> [Task statement] An exact copy of all the lines below is required, with every image left out.

[Items listed in a dataset]
=== Section Start ===
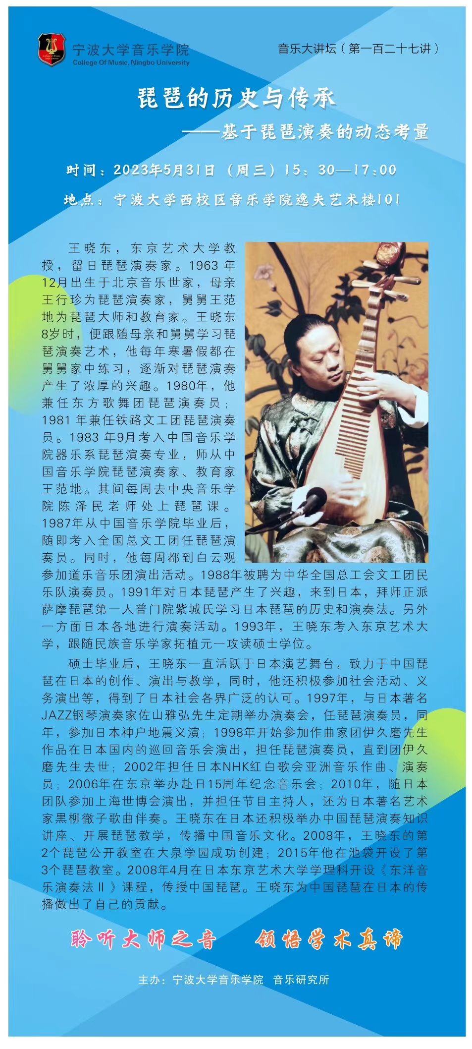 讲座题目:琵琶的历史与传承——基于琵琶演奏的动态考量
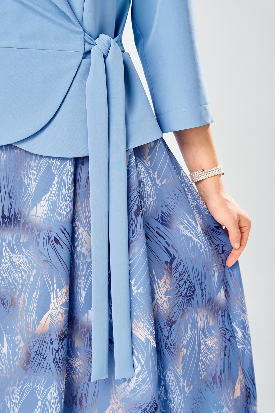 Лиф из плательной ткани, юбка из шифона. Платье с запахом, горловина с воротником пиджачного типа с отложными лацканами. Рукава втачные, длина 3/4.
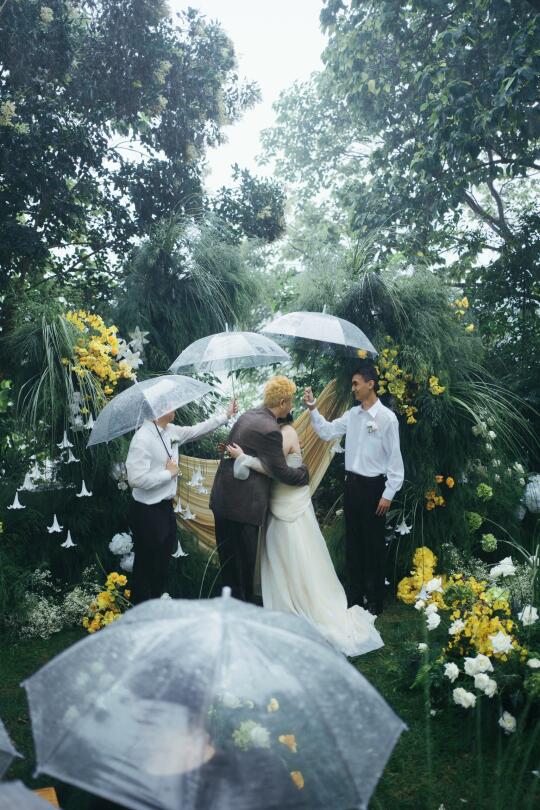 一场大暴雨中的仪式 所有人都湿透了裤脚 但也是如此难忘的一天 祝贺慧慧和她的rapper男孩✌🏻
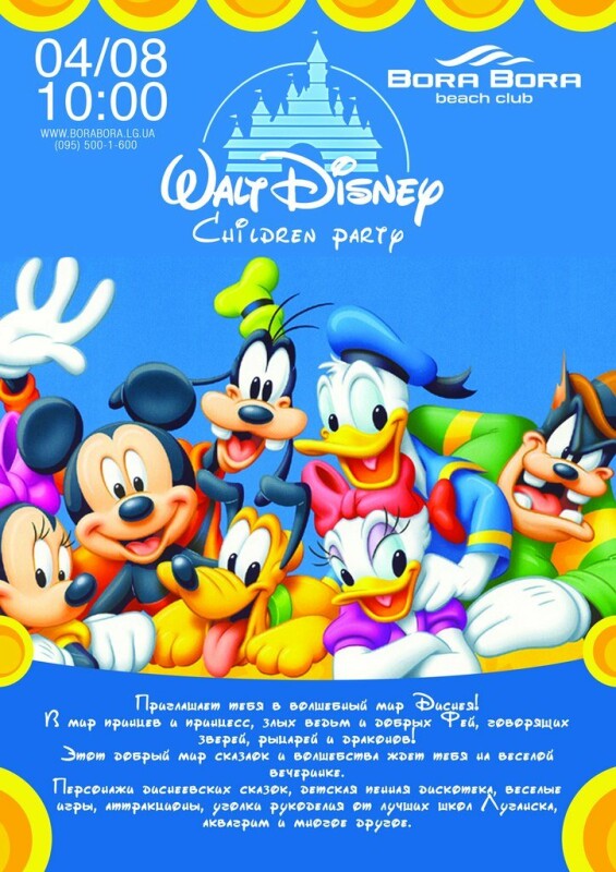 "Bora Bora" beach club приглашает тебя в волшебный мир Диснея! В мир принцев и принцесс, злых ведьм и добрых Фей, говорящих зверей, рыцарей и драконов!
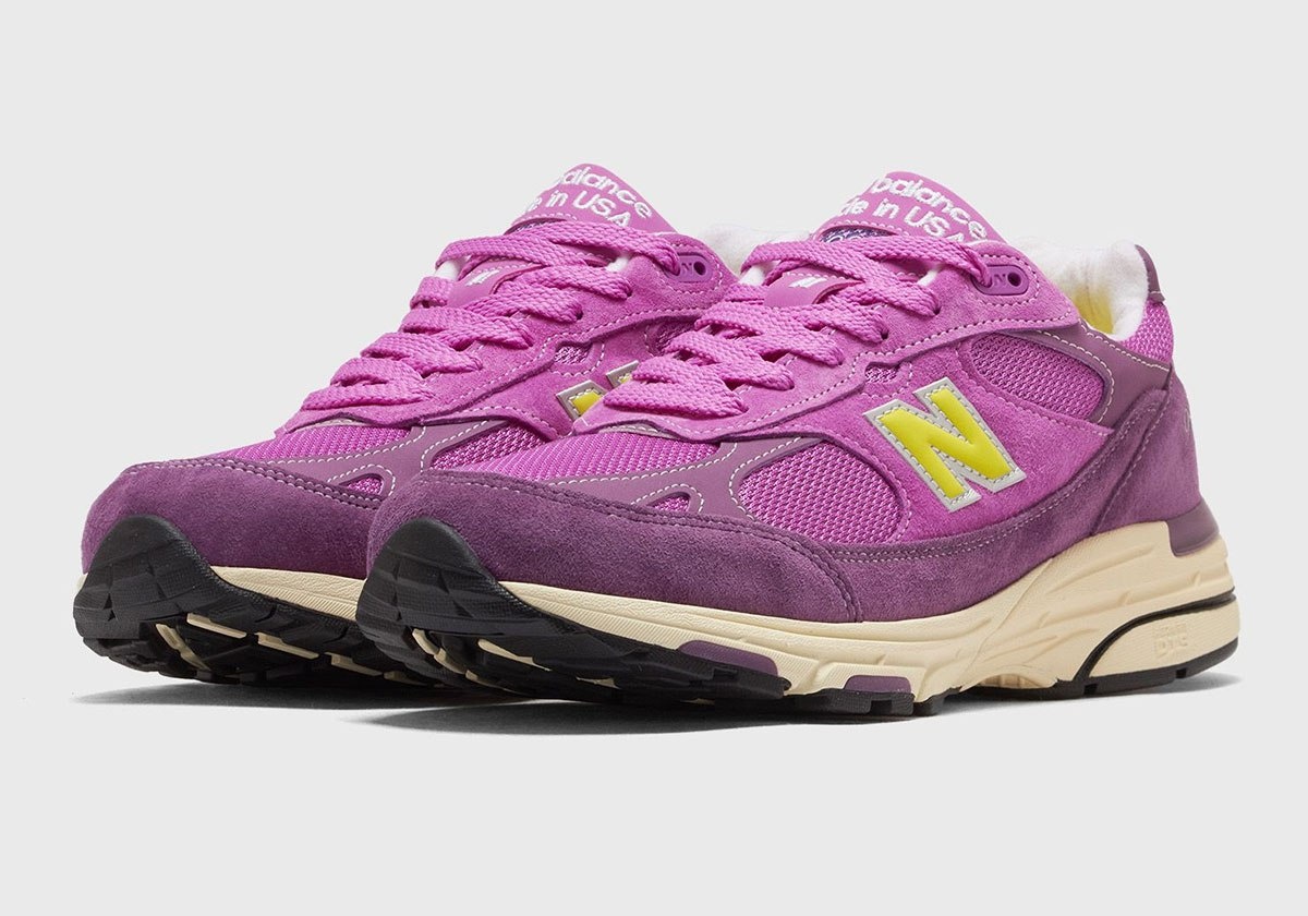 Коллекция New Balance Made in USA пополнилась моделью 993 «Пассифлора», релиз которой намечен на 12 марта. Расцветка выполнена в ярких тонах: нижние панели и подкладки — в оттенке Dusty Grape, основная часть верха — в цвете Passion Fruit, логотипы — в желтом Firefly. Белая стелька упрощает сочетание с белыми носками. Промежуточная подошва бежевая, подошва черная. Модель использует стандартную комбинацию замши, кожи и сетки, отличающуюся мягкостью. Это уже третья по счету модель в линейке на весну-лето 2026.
=== Section End ===
> [Response]
 讲座题目:琵琶的历史与传承——基于琵琶演奏的动态考量
 Лиф из плательной ткани, юбка из шифона. Платье с запахом, горловина с воротником пиджачного типа с отложными лацканами. Рукава втачные, длина 3/4.
 一场大暴雨中的仪式 所有人都湿透了裤脚 但也是如此难忘的一天 祝贺慧慧和她的rapper男孩✌🏻
 "Bora Bora" beach club приглашает тебя в волшебный мир Диснея! В мир принцев и принцесс, злых ведьм и добрых Фей, говорящих зверей, рыцарей и драконов!
 Коллекция New Balance Made in USA пополнилась моделью 993 «Пассифлора», релиз которой намечен на 12 марта. Расцветка выполнена в ярких тонах: нижние панели и подкладки — в оттенке Dusty Grape, основная часть верха — в цвете Passion Fruit, логотипы — в желтом Firefly. Белая стелька упрощает сочетание с белыми носками. Промежуточная подошва бежевая, подошва черная. Модель использует стандартную комбинацию замши, кожи и сетки, отличающуюся мягкостью. Это уже третья по счету модель в линейке на весну-лето 2026.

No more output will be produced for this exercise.